本論文主要分為兩大研究主題，第一個主題為以SiCl4/H2於熱燈絲化學氣相沉積系統中低溫成長多晶矽薄膜。第二個主題則是以SiCl4/H2於熱燈絲系統中成長氧化矽奈米線及探討氧化矽奈米線的特性。

第一部份:
在多晶矽薄膜研究部份，本研究能夠在鎢絲溫度1800℃，SiCl4進料濃度18 %，基板溫度180℃下，以約2.08 nm/s的鍍膜速度成功成長出結晶程度89%的奈米多晶矽薄膜；當基板溫度增加為210℃，鍍膜速度將可增加為2.13 nm/s，且結晶程度亦高達94%。這已比採用SiH4/H2氣體的鍍膜速度快，而且結晶程度也較高。可見Cl自由基在低溫下確實能蝕刻排列較差的矽結構並且H自由基能與表面的Si-Cl鍵反應形成活性位，使得接下來的矽先趨物能順利進行鍍膜成長。

第二部份
在氧化矽奈米線研究部份，綜合XRD、Raman、TEM、EELS和FTIR的結果証明，當固定SiCl4進料濃度14%，基板溫度低於175℃，皆可於石英玻璃或Si基板上順利成長出含有奈米晶矽的氧化矽奈米線，其奈米線直徑約80-90 nm。PL量測結果類似一白光的螢光光譜，進一步可分解為460nm、490nm和530nm三個特徵峰。經研究結果指出，其460nm特徵峰可能為奈米線內的氧空缺(O3≡Si－Si≡O3)所貢獻；530nm的特徵峰可能為奈米線內的奈米晶矽與氧化矽間的界面所貢獻；而490 nm特徵峰形成機制目前仍不清楚。

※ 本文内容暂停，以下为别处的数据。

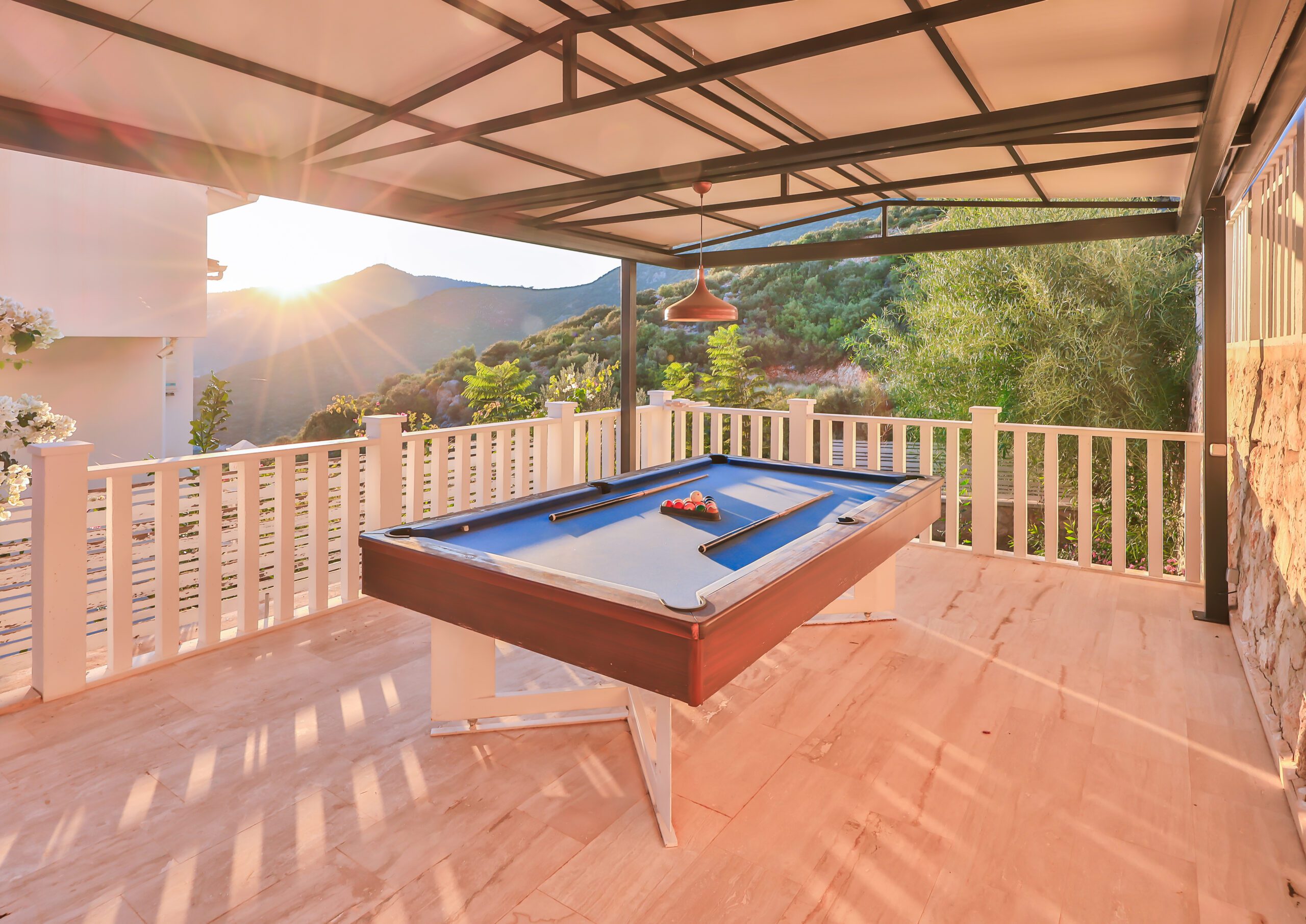 Sun loungers and parasols are positioned around the terrace, while a separate dining area to the side of the villa, shaded underneath a pergola, comfortably seats eight guests and includes a built-in BBQ, outdoor sink and food preparation area for effortless al-fresco dining. A large L-shaped sofa and coffee table provide another inviting space to sit back and take in the mountain and sea views. For those feeling energetic, table tennis is available at the rear of the villa.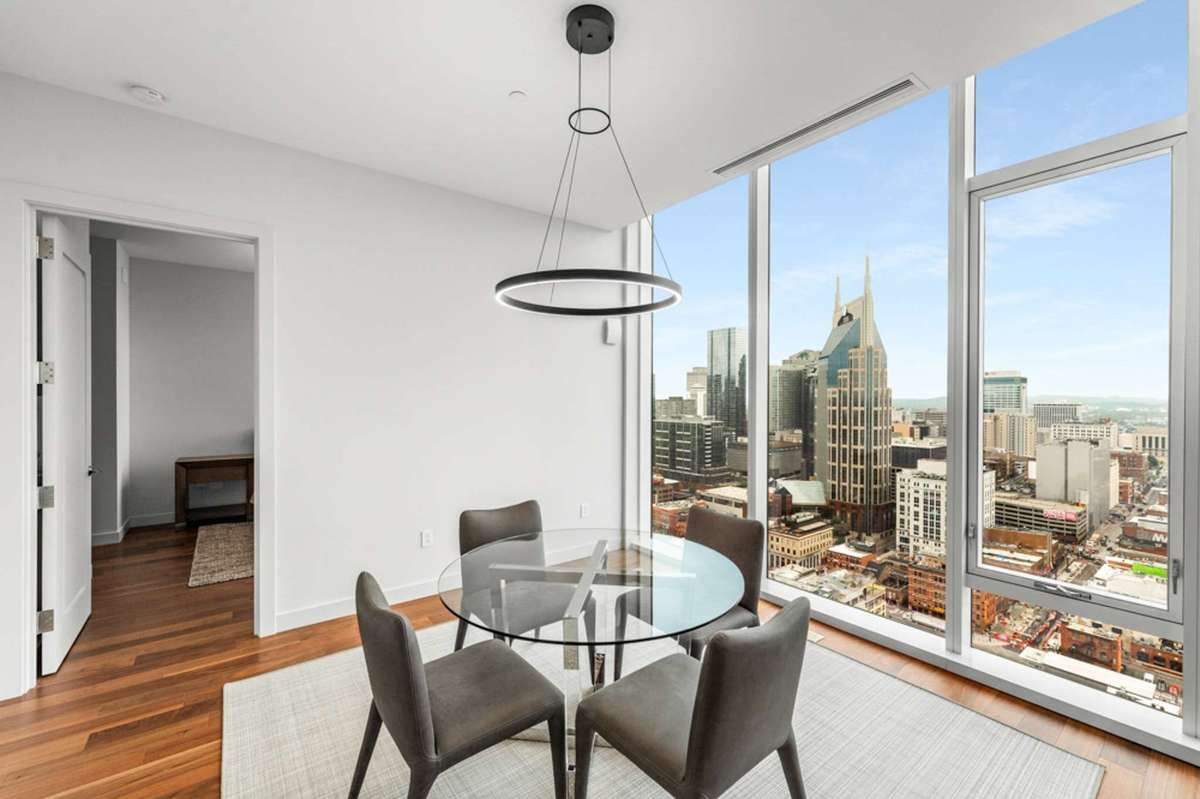 Experience elevated urban living in this stunning one- bedroom residence at the Four Seasons Private Residences Nashville. Enjoy spectacular north- facing views of the downtown skyline, river, and Titans Stadium from this premier address in the heart of Music City. This one bedroom one and half bathroom unit is steps from Bridgestone Arena, the Ryman, Schermerhorn, Nashville’s top dining and entertainment, and so much more. Interior features include custom closets, motorized window treatments with blackout shades in the bedroom, and elegant designer finishes. Residents enjoy exclusive Four Seasons amenities and services—private Residence Lounge, Sky Garden, Fitness Center, Media Room, Resort Pool, and world- class Spa. Valet parking space included for effortless city living.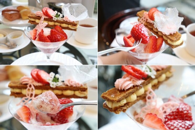 アフタヌーンスタンドを上から順に紹介します。スタンドの1段目には、いちごと桜のヴェリーヌ、いちごとライムのムース。

Two main research subjects are presented in this thesis. Part I is “Low temperature growth of polycrystalline silicon films using SiCl4/H2 in a HW-CVD reactor”. Part II is “Growth and characterization of SiOx nanowire using SiCl4/H2 in a HW-CVD reactor”.

Part I.
Polycrystalline silicon film with a crystalline fraction 89% and 94% have been successfully deposited at low substrate temperatures of 180℃ and 210℃, respectively. The growth rate is changed from 2.03 nm/s to 2.18 nm/s by increasing the substrate temperature from 180℃ to 210℃. The possible advantages of the process of crystalline silicon film growth using SiCl4 are suggested that Cl radicals possess a proper ability of etching weak Si-Si bonds and high [H] can abstract the surface Si-Cl bond to form surface active sites during deposition for subsequent Si species addition to surface.

Part II
Growth of SiOx nanowire at a substrate temperature 120-175℃ in a HW-CVD reactor is reported here. TEM, EELS, FTIR and XRD analyses indicate that the silicon nanocrystals were embedded in the SiOx nanowires. The PL measurement reveals that the spectrum was composed by three peaks at 460nm, 490 nm and 530 nm. The characteristics peak of 460 nm and 530 nm ascribed to neutral oxygen vacancy, ie.O3≡Si-Si≡O3 and the surface state between SiOx and Si nanocrystal, respectively. However, the factor induced the characteristic peak of 490 nm is unclear.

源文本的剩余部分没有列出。